We’ve said it before, and I’ll say it again: Alexis Hall can write. He’s an amazing writer. Husband Material is a beautiful creation. The voice! The words! Playful and serious all at once. I can never resist offering a little taste of Hall’s writing, so here’s a bit of charming absurdity:
“You can walk me down the aisle or something. But I wouldn’t feel comfortable taking your money, and you’re not buying me cocaine.”
She folded her arms stubbornly. “Luc, if anyone is going to buy you cocaine, it should be your mother. I know the best kinds, I know the best people. Of course, a lot of them are dead because…well. Cocaine dealers, they often have very unhealthy lifestyles. Long hours, bad diet. And it’s a very stressful business.”
“We have some savings.” That was Oliver, poking nervously at the extra-special vegan-special curry. “At least, I have some savings. Lucien made the mistake of going into the charitable sector.”
“Well, that is even worse,” cried Mum. “That means Oliver is paying for the whole thing like you are one of those brides that you order through the mail.”
I thought about offering you an Alex and Rhys bit, but just read the book, okay? You won’t be disappointed.
I didn’t recall until after I’d finished reading, but Hall had tweeted something about writing a book about four weddings and a funeral (unexpected death of a parent, heads up), and it’s true. The book is divided into five sections, the first three centered on weddings of people in Luc’s life, which informs what follows in the last two sections. This structure helped to frame the narrative nicely, and while they’re a structural element of the book for sure, the strong throughline of Luc and Oliver’s relationship at times allowed me to forget that I was in a section until I got to the next one.
I expected this book to involve a mess because both Luc and Oliver are pretty messy people, but it was messy in a way I didn’t expect. I expected Luc to be a whole mess, and he was very much himself (if you haven’t read Boyfriend Material, you absolutely should. It’s still one of my all time faves), but Oliver was the one who really got to let it all hang out in this book. Which was endearing. One of many things this story did successfully was to evoke the sense of waiting for the other shoe to drop when a couple is in a committed relationship, but it’s still relatively new, and they still don’t quite trust that forever actually means forever. Conflicts happen, and navigating them can be stressful. And feeling like you just can’t talk about something is the most stressful of all.

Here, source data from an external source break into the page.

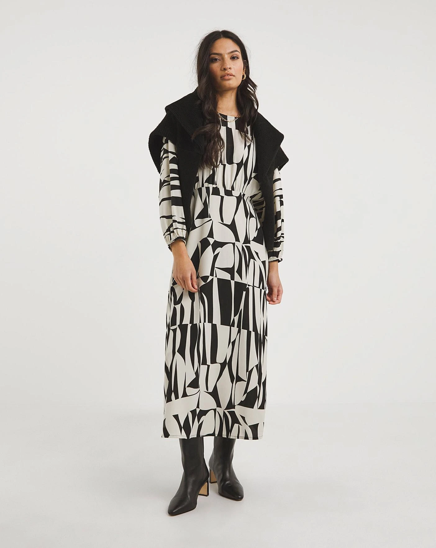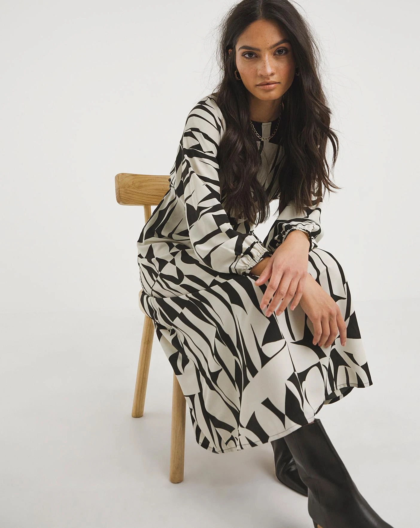 Elevate your wardrobe this season with this high neck midi tea dress. Featuring a high ruched waist seam with back elastic, a keyhole at the back of the neckline with a small button making it easy to slip in and out of the dress and balloon sleeves with elasticated cuffs. Designed in unique mono geometric print, perfect for day or night occasions.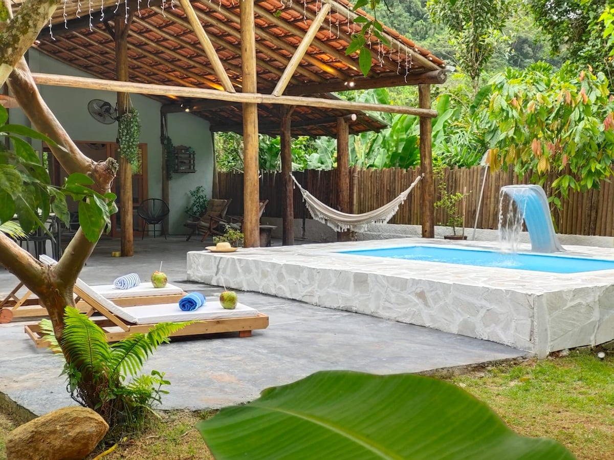 Sip a refreshing glass of the natural spring water, then take a dip in the secluded natural pool at this nature-inspired, architectural masterpiece in the forest's heart. Pick bananas, look for monkeys and watch blue butterflies fluttering by too. Located in Aldeia Rizoma ecological condominium (15-25 min from Paraty dowtown), the house is very comfortable, fully equipped and with Starlink internet connection.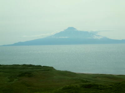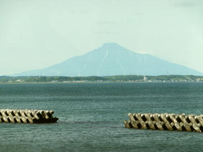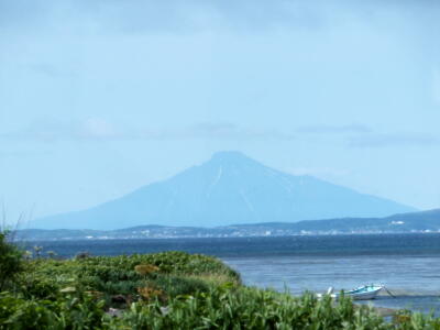 利尻富士。窓越しの写真だと薄ぼんやりになるのは仕方ない。見えただけマシ。
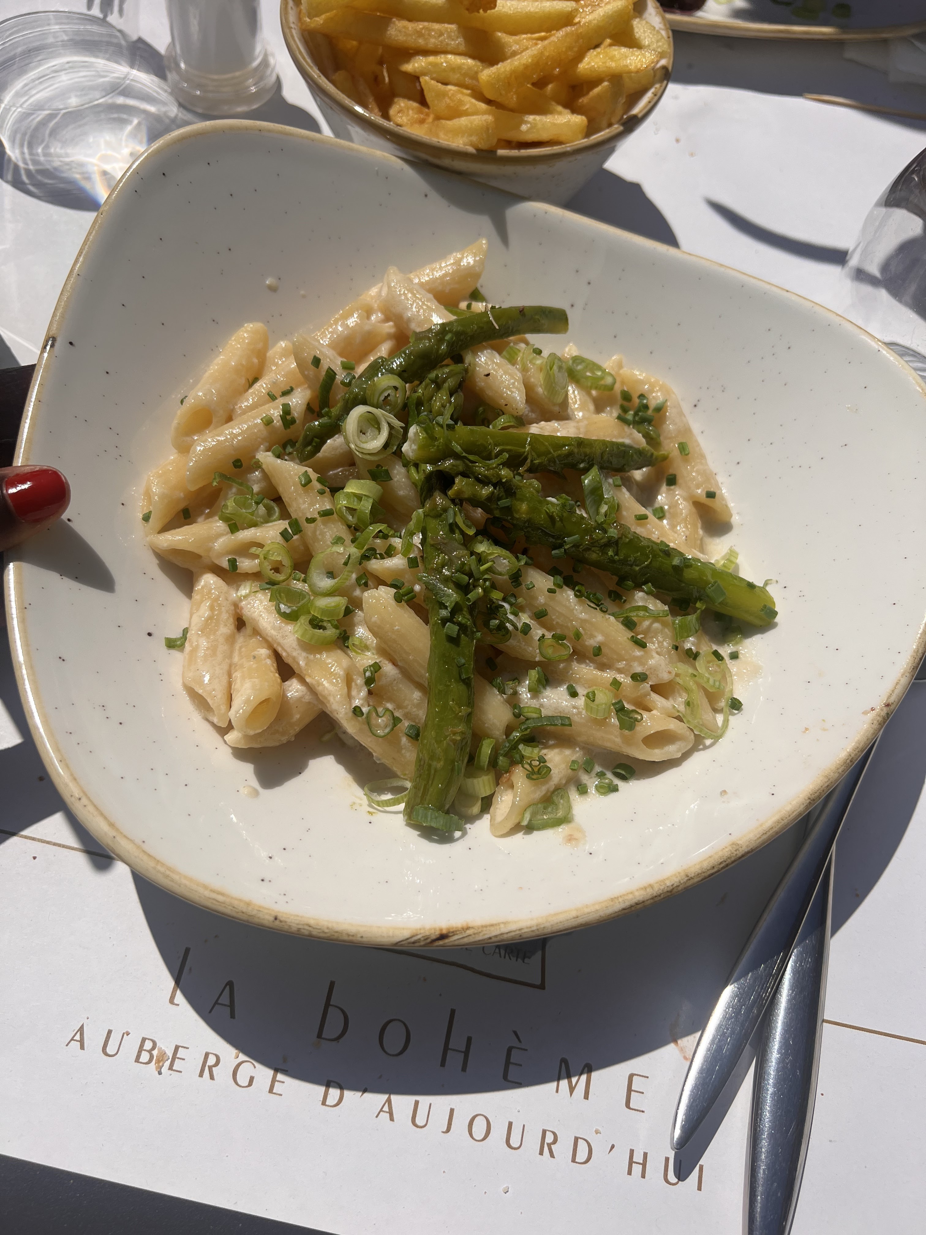 Un régal! Nous avons passé un excellent moment en famille, attablés en terrasse de ce coquet restaurant! Nous nous sommes régalés des plats de la formule, sublimés d'un bon vin. La cuisson du poisson était parfaite! Fondant, goûteux, soyeux et surtout délicieux! La ratatouille qui l'accompagnait était très réussie, elle aussi! Vus les sourires et les éloges de ceux qui m'encouragent, il semble que les Penne au fromage etaient réussies. J'avais hésité, j'aurais dû prendre les deux plats! :) Les enfants ont semblé apprécier leurs menus. Il ne restait plus grand chose dans nos assiettes en fin de repas! Et que dire de ces divins fondants au chocolat accompagnés de leurs nuages de Chantilly?! La cuisine est parfaitement maîtrisée, le service est souriant et très agréable, le décor est plaisant et confortable, ... Le repas était formidable! Nous reviendrons très vite, nous y inviterons nos familles et amis et nous en ferons la publicité! Nous ne manquerons pas de goûter la souris d'agneau qui semblait si appétissante, le tartare de boeuf qui semble valoir le détour, etc... après les Penne! Si vous venez à Senlis, deux incontournables : la cathédrale et La Bohème!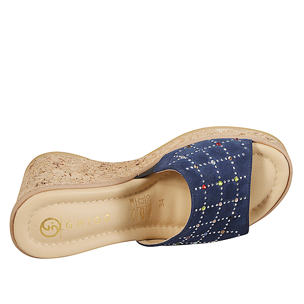Ouvert Mules pour femmes avec semelle intérieure en mousse à mémoire en daim bleu foncé et talon compensé 9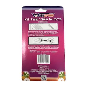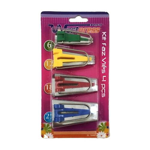 Informações gerais ------------------------------------ Kit com 4 aparelhos Para fazer viés manualmente Faça o seu próprio viés em minutos, crie com as cores e estampas que você preferir. Rápido, prático e preciso Tamanhos 6 mm; 12 mm; 18 mm; 25 mm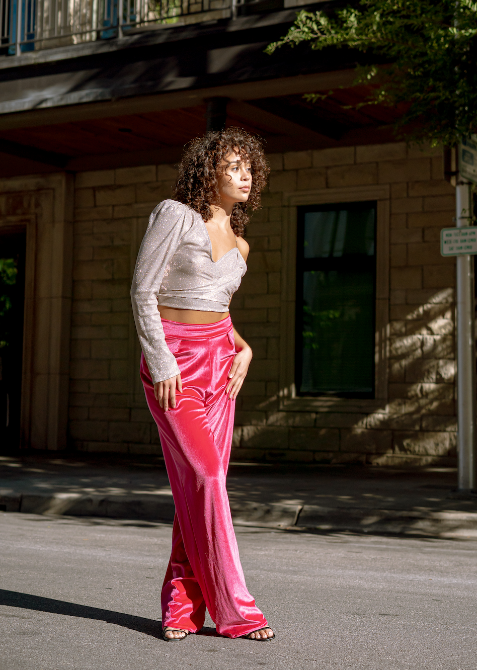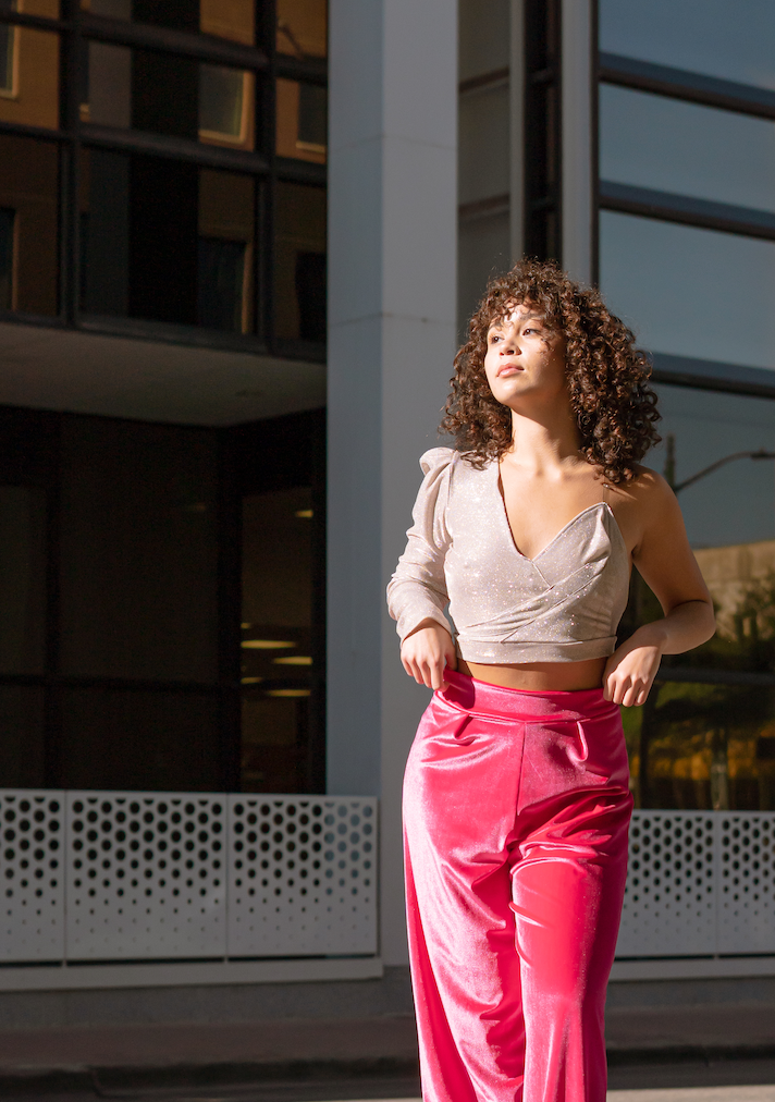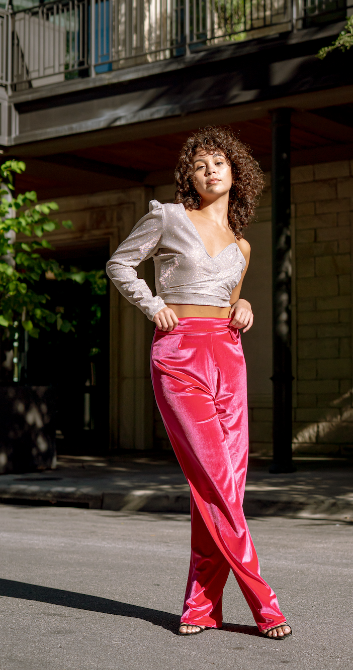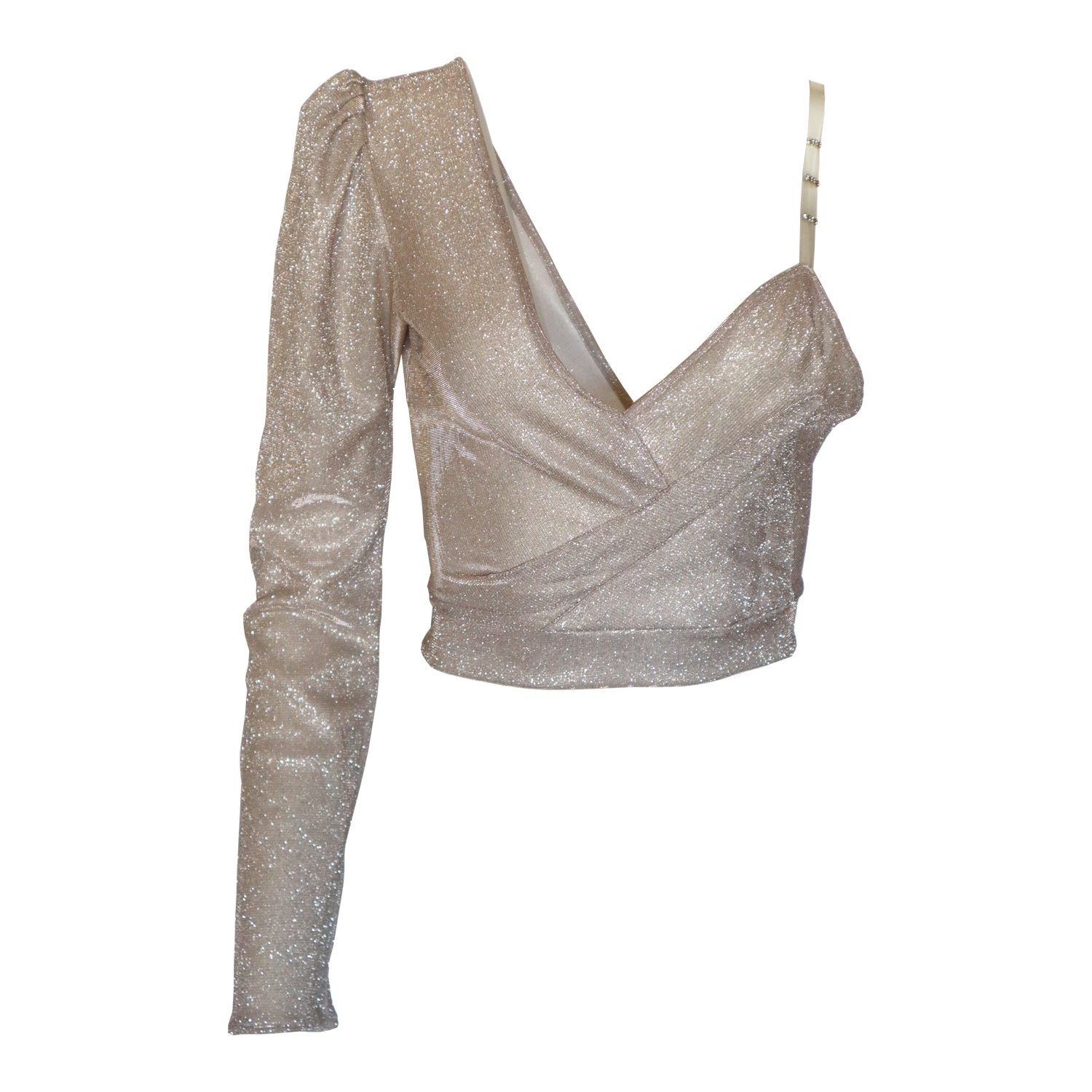 This unique piece features asymmetrical design lines that flow with the body for a perfect shape. With one puff sleeve and one clear strap with three studded simulated diamond details, this is the perfect mix between glamour with a little bit of edge. Made with a beautiful, shimmering ivory color fabric with just enough stretch to conform to your body shape for a flattering and sexy look. It showcases three beautiful simulated diamond stud hook and eye closures in the back and an adjustable strap that can remove in the back, so we can make your life easier when you put it on and take it off. Wear a show stopper this season when you pick the Silver Sparkle Crop Top. Perfect for weddings, going out, and special event. Plus, it's one of a kind so, you are sure you'll be the only one with this look to stand out and have everyone showering you with compliments all night.

There are benefits and drawbacks to a sequel. The most obvious benefit is getting to be back in the world of beloved characters. But the story will be different. The protagonists do not have the same problems they had at the beginning of the prior book. Their relationship might also be playing out differently than the reader envisioned. The happiness and optimism of the previous ending is being rebooted, after all. I appreciated that in Husband Material, Hall was able to largely maintain the same voice for Luc, even though he and Oliver were in a different place in their lives. I also appreciated that the conflicts Luc and Oliver were facing were natural for the stage of their relationship and not dramatically manufactured miscommunications that probably really shouldn’t be occurring in a healthy two-year-old relationship. And most of all, I’m happy Luc and Oliver got to have the HEA that was best suited to themselves.
I voluntarily read and reviewed a complimentary copy of this book. All thoughts and opinions are my own. We disclose this in accordance with 16 CFR §255.